À la grandeur du Québec, c’est le secteur du commerce du détail qui fait l’objet du plus grand nombre de plaintes avec 25,2% d’entre elles. Vient ensuite le secteur de la construction avec une moyenne de 22,4% de l'ensemble des plaintes.

Blitz d’interventions

D’ailleurs, la CNESST réalise actuellement des blitz d’interventions en collaboration avec la Santé publique sur l'ensemble du territoire. Le gouvernement a annoncé la semaine dernière qu’un nombre accru de visites sera effectué dans les milieux de travail pour s'assurer que les règles sanitaires soient respectées.

Entre le 19 et le 25 octobre, 22 interventions ont été menées dans diverses entreprises en Estrie. Une “augmentation significative'', selon Nicolas Bégin. Parmi elles, six avis de correction ont été émis.

Ce sont des lacunes qui ont été constatées et on demande aux employeurs de corriger la situation afin de s’assurer de respecter les normes sanitaires en vigueur, explique-t-il.

Généralement, les employeurs ont une période de 24 heures pour rectifier le tir. De façon générale, ils collaborent très bien, ajoute M. Bégin.

Dans tout le Québec, 361 inspections ont été menées durant la même période. Cela a amené la CNESST à émettre 265 avis de correction.

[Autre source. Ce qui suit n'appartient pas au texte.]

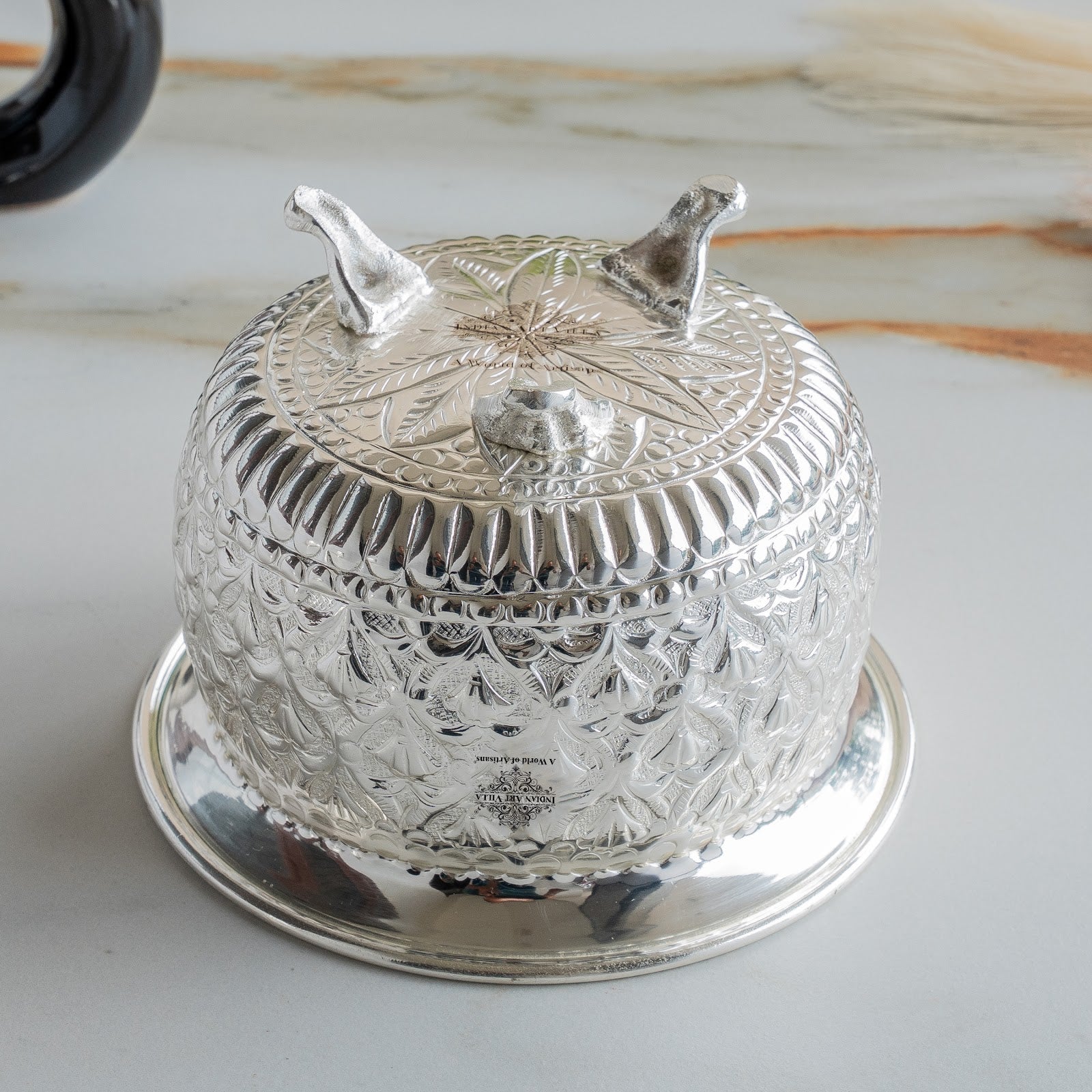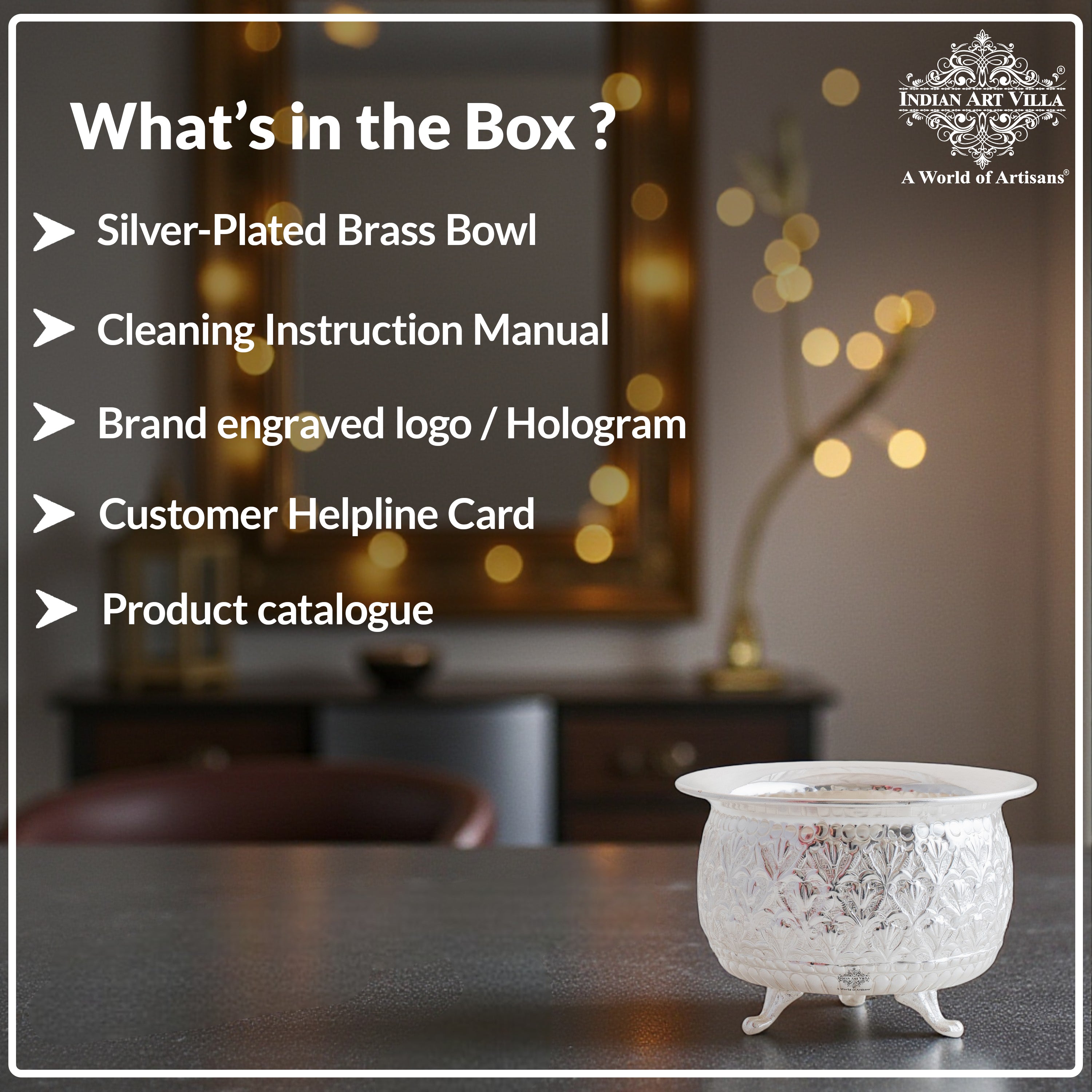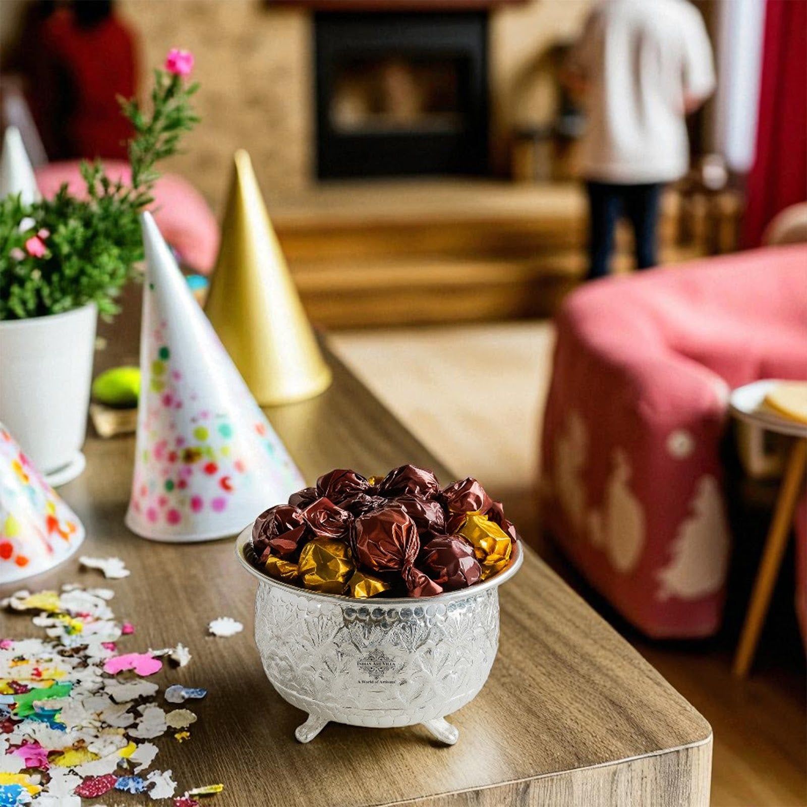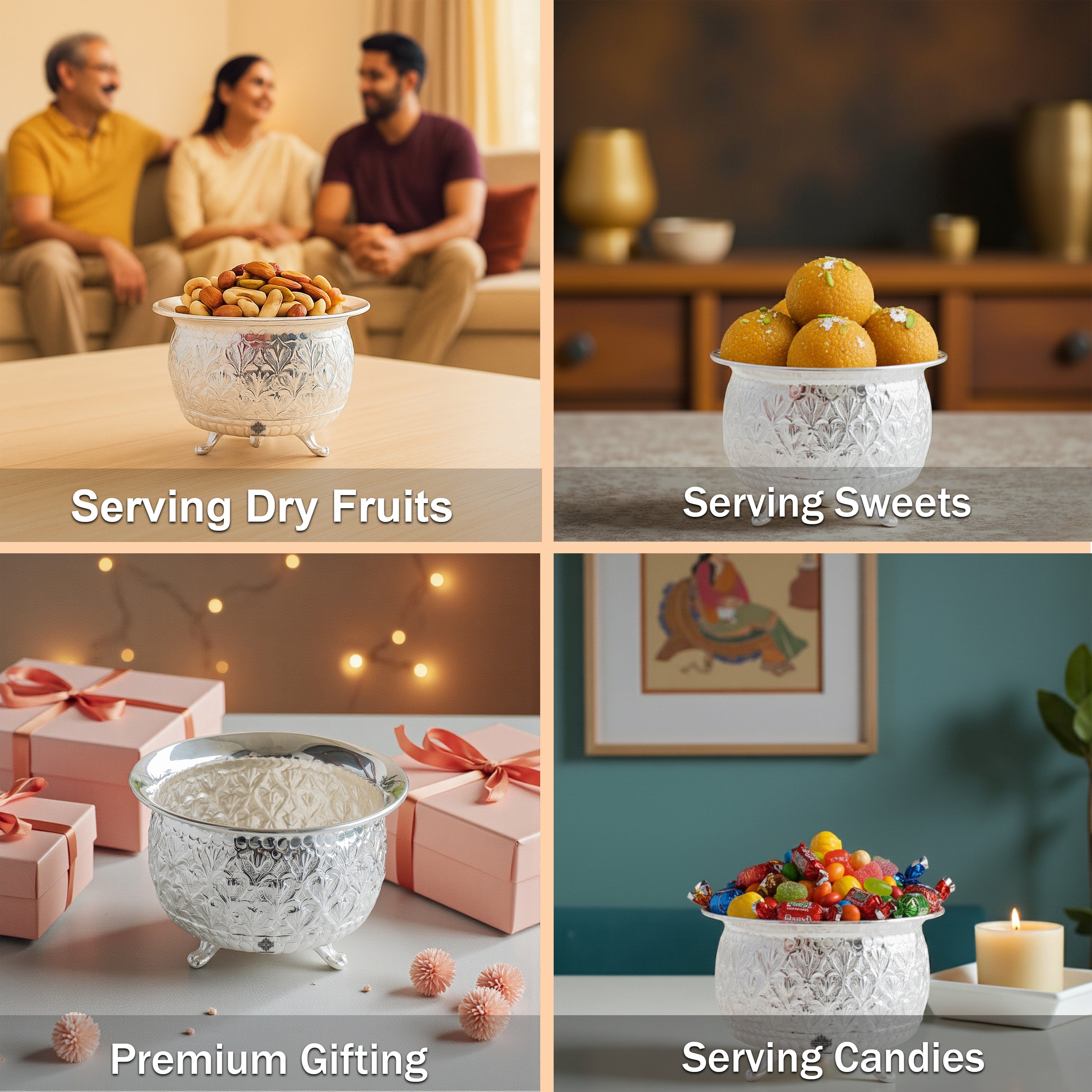 With its silver-plated finish, this bowl shines beautifully under any light, making it an ideal addition to dining tables, pooja rooms, or living room décor. Measuring 4.3 inches in width, it is the perfect size for serving dry fruits, nuts, or sweets during festive occasions. You can also use it as a decorative accent to enhance the charm of your home interiors.

Dans l’éventualité où un milieu de travail ne respecterait pas les lignes directrices émises par le gouvernement et que l’employeur ne prendrait pas en charge le risque biologique lié à la COVID-19, un inspecteur de la CNESST pourrait exiger la fermeture de ce milieu de travail jusqu’à ce que des correctifs soient apportés par l’employeur, indique M. Bégin.